Success in drug discovery is not necessarily fast or inevitable

The biotech industry rightly prizes speed: every day people die of diseases we are trying to prevent or cure. And developments can indeed happen quickly. Just eight years elapsed from the demonstration that a mutant form of KRAS was druggable to the approval of sotorasib, with less than three of those years spent in the clinic. Even more dramatically, it took less than a year from the first reports of SARS-CoV-2 to develop effective vaccines. But as two recent pieces in Nature Rev.
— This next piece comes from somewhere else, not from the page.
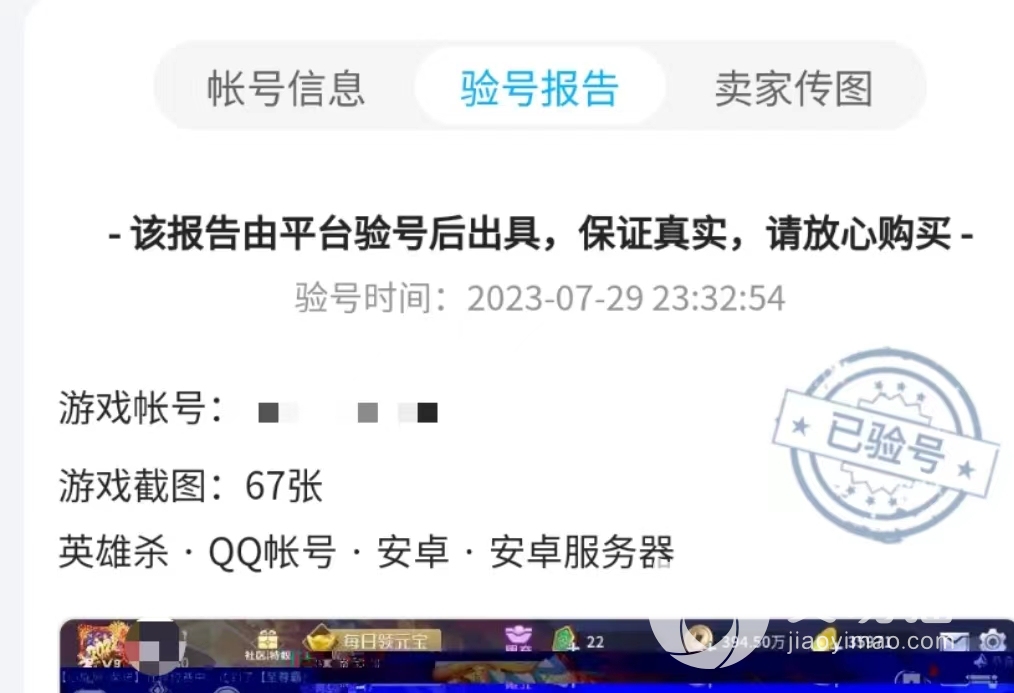 在交易貓上進(jìn)行游戲的搜索就能看到相關(guān)的游戲賬號信息,如果說對于賬號內(nèi)卡牌信息有懷疑,那么建議可以選擇帶有“驗號”標(biāo)識的商品信息,點擊商品的詳情頁內(nèi)可以看到平臺提供的驗號報告,這份報告證明了賣家上傳的信息內(nèi)容是真實可信的。同時平臺還有提供“永久包賠”的服務(wù)內(nèi)容,只要是在交易貓上完成的交易,只要賬號被找回來平臺會承擔(dān)賣家的交易損失。

Drug Disc. demonstrate, such speed is not necessarily the norm.

 

The first, by Asher Mullard, is entitled “FDA approves 100^th monoclonal antibody product.” This is a nice review of a remarkably successful therapeutic approach. But this triumph was not a foregone conclusion. Mullard traces the field’s origin to the mid-1970s, and while the first drug was approved in 1986, it took another eight years for the second. The article includes a timeline showing approvals by year, and it is interesting to compare this with FBDD-derived drug approvals since the 1996 publication of the seminal SAR by NMR paper. In the chart below, the first year on the x-axis is for antibody drugs; the second is for FBDD-derived drugs.

 

 

A quarter century after work began, new antibody approvals were still uncommon; Mullard notes that “antibody approvals have only been an annual event since 2006.”

 

Antibody-drug conjugates (ADCs) are an interesting subset that – as their name suggests – comprise an antibody linked to a small molecule, usually a toxin intended to kill cancer cells. Ten of these have been approved in the US, but while the first (gemtuzumab ozogamicin) was approved in 2000 most of the rest are recent, with six of them coming since the beginning of 2019.

 

By these standards the fact that only five fragment-derived drugs have been approved thus far isn’t surprising. Indeed, antibodies have some advantages: “whereas medicinal chemists can toil for years to find small molecules with activity against a given target, antibody discovery can take a matter of months.” Moreover, as the article continues, success in the clinic is roughly double that of small molecules.

 

The second article is by Christopher Austin, until recently Director of the National Center for Advancing Translational Sciences at the US National Institutes of Health. Titled “Translational Misconceptions,” it briefly enumerates and debunks false beliefs about translating new discoveries into drugs, which include:

 

- Translation does not exist 

 

- Translation is a “thermodynamically favored” process 

 

- Translation is straightforward and does not qualify as science 

 

- Translation is a unidirectional process 

 

- Once an investigational therapy gets into humans for the first time, regulatory approval

  and marketing are all but assured 

 

- Regulatory approval is the end of the translational process

 

Those of us in industry would probably dismiss these statements as naïve, but such perceptions are widespread. Indeed, Austin himself acknowledges that he “once believed unquestioningly in all of them.”

 

Each of these misconceptions invites discussion. To take just the last, the first approved ADC was pulled from the US market in 2010 when confirmatory trials showed that patients on the drug actually did worse than those on placebo. It was reapproved in 2017 after a better dosing schedule was established. In other words, it took 17 years after initial approval to figure out how to effectively use gemtuzumab ozogamicin, and 26 years from the beginning of the project.

 

Returning to the two successes mentioned at the top of this post reveals that their apparent rapidity does not tell the full story. The Tethering technology that eventually led to sotorasib was initially published more than twenty years ago, and researchers first used mRNA packaged in liposomes to transfect cells way back in 1989.

 

Amidst rapid visible progress it is easy to lose sight of the fact that much research goes nowhere very slowly. Even when successful, it might take decades to help patients. As Austin concludes, “only by advancing our common understanding of the complexity of translation, translational research and translational science will translational gaps be narrowed and eventually eliminated.”